Her name is Alma Rubenstein. She is 37 and the founder of The Professional Dater, a Seattle company that offers personal romance consulting. She is a dating coach, matchmaker and advisor on matters of the heart, wardrobe and grooming.

She is a former actress who still occasionally finds work doing television commercials, the latest being an online ad for Norton, the antivirus software company. Once in a while, she receives small royalty checks for a movie in which she had a bit role.

But if you recognize her, it probably is from one of the many reality dating shows she has appeared in, including “The Bachelor” and “Single in L.A.” -- “every cheesy reality dating show known to mankind,” she said, “and I’m still single.”

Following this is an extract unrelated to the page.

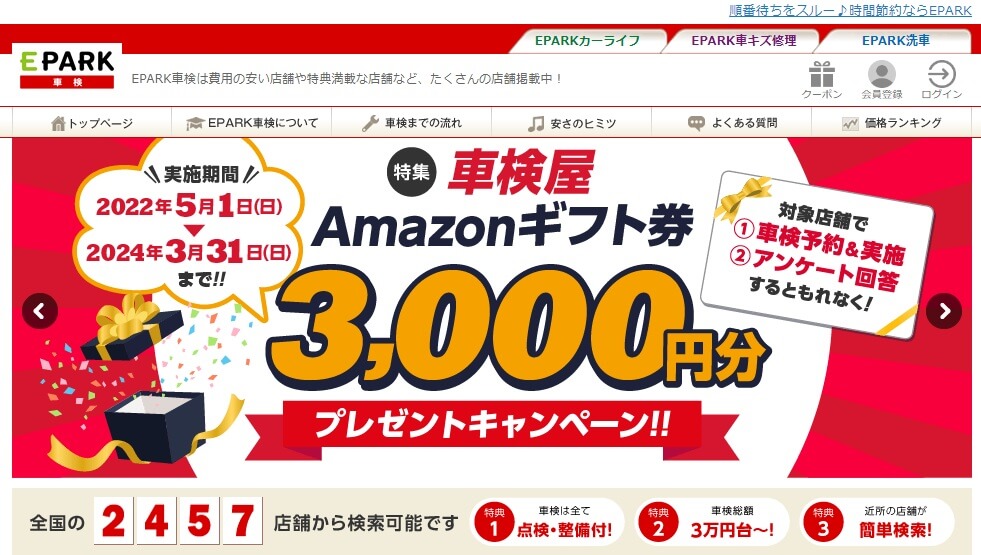 EPARK車検は、全国約2,000店舗から車検業者を検索できる車検予約サイトです。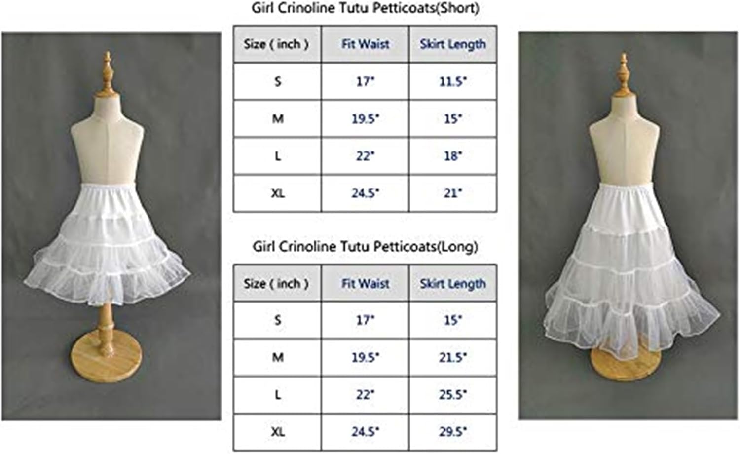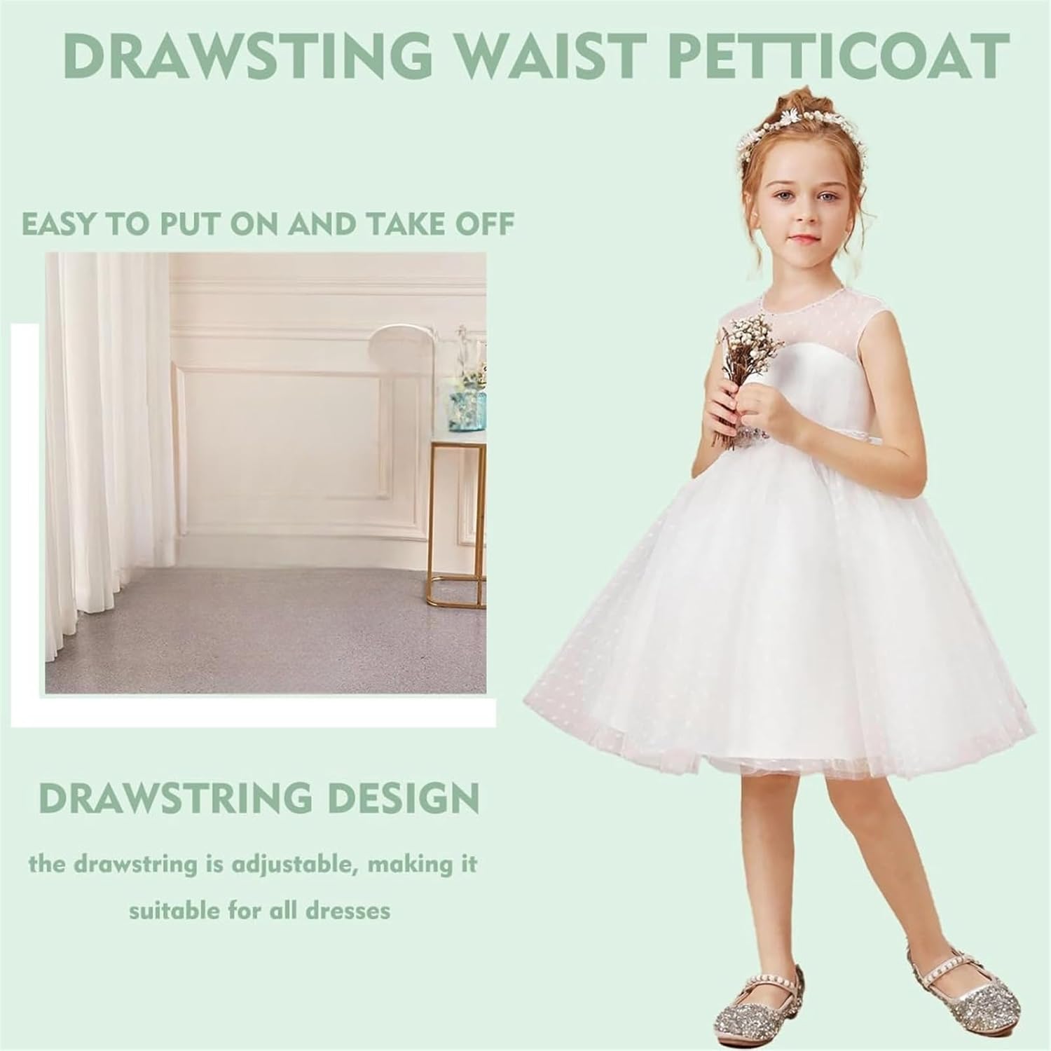 THE WHITE SHOP Girls’ White Skirt Petticoat, A-line 3 Hoop Underskirt Super Puffy, Ball Gown Petticoat, Children Adjustable Full Slips for Girls

She is, to those who really know her, much more vulnerable than she appears. They know that she has wounds, some of them deep. (There is a father, for example, who abandoned her as an infant.)

They know that when it comes to her own love life -- her quest for that special Valentine-- her judgment isn’t flawless, and she doesn’t always practice what she preaches.

So, how does she qualify to coach the lovelorn?

She can cite no formal credentials beyond the fact that she studied psychology in college. She is, however, always the romantic and willing to take risks others are not. Her informal credentials seem to be a finely tuned sense of empathy, and a thousand-mile journey of her own tests and failures. And she is persistent.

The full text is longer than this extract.